Closed saattrupdan closed 5 months ago

saattrupdan commented 5 months ago

This optimises the building of the dataset, from previous ~5 hours to ~1 minute.

It still takes a fair amount of time to upload the dataset to the hub though, around 4-8 hours (haven't finished a full upload yet, so basing this off tqdm estimates).

The following optimisations were made:

  1. Copy the database from NAS to disk, which reduces reading data from the database from ~1.5 hours to ~10 seconds. We also don't need batching anymore, which yields a slight speedup.
  2. When matching metadata with audio files, we store a filename -> path mapping initially, and use the dict.get method instead of the previous list comprehension. This reduces the matching from ~1.5-2 hours to ~1 second.
  3. Split the dataset in batches, which reduces the time from ~1-2 hours to <1 second.

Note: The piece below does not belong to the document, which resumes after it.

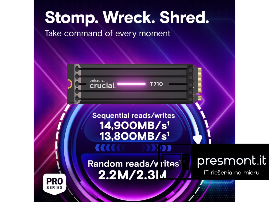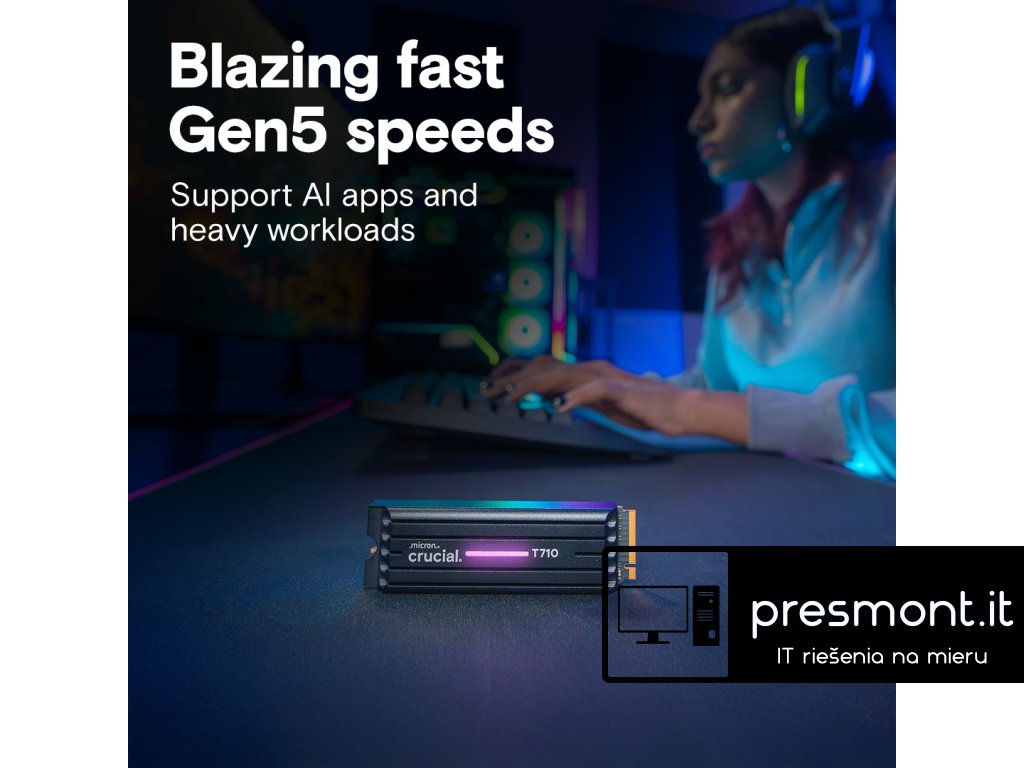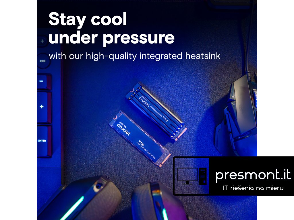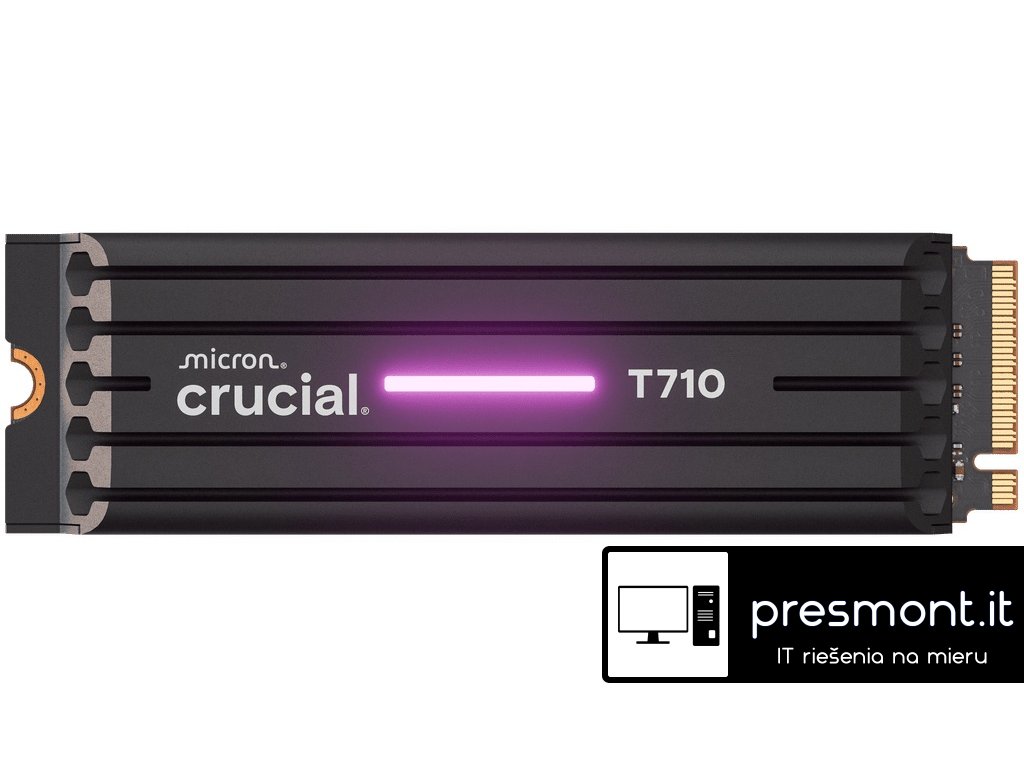 Crucial T710 4TB PCIe Gen5 NVMe 2280 M.2 SSD s chladičem * nekompromisní výkon 5. generace pro profesionální hráče a tvůrce T710 rozšiřuje váš herní a kreativní potenciál a poskytuje vám rychlý přístup k obrovským knihovnám a pohlcujícím zážitkům. SPECIFIKACE: Typ produktu: SSD Řada SSD: T710 Kapacita SSD: 4 TB Rozhraní: NVMe (PCIe 5. generace x4) Formát paměti-Form Factor: M.2 (2280) Chladič: ano - integrovaný Sekvenční zápis: 13800 MB/s Sekvenční čtení: 14500 MB/s Výdrž SSD disku (TBW): 2400 TB Množství v sadě: 1 Barva: černá Záruka: 5 letDodatočné parametre

Tried to optimise the collection of all the audio paths, which currently takes ~1 minute, but none of my attempts worked. This is responsible for ~99% of the time spent actually building the dataset.

Of course the ultimate bottleneck is the uploading of the data, but I'm not sure how that can be improved. It does include some I/O as it has to package all the audio files into the parquet format, but the only way to improve this might be copying all the audio files to disk first, but that puts quite a large requirement on disk space (takes up ~83 GB).

This PR also fixes the sample rate issue, where I previously enforced 16k sampling rate, but now uses the native one, being 48k.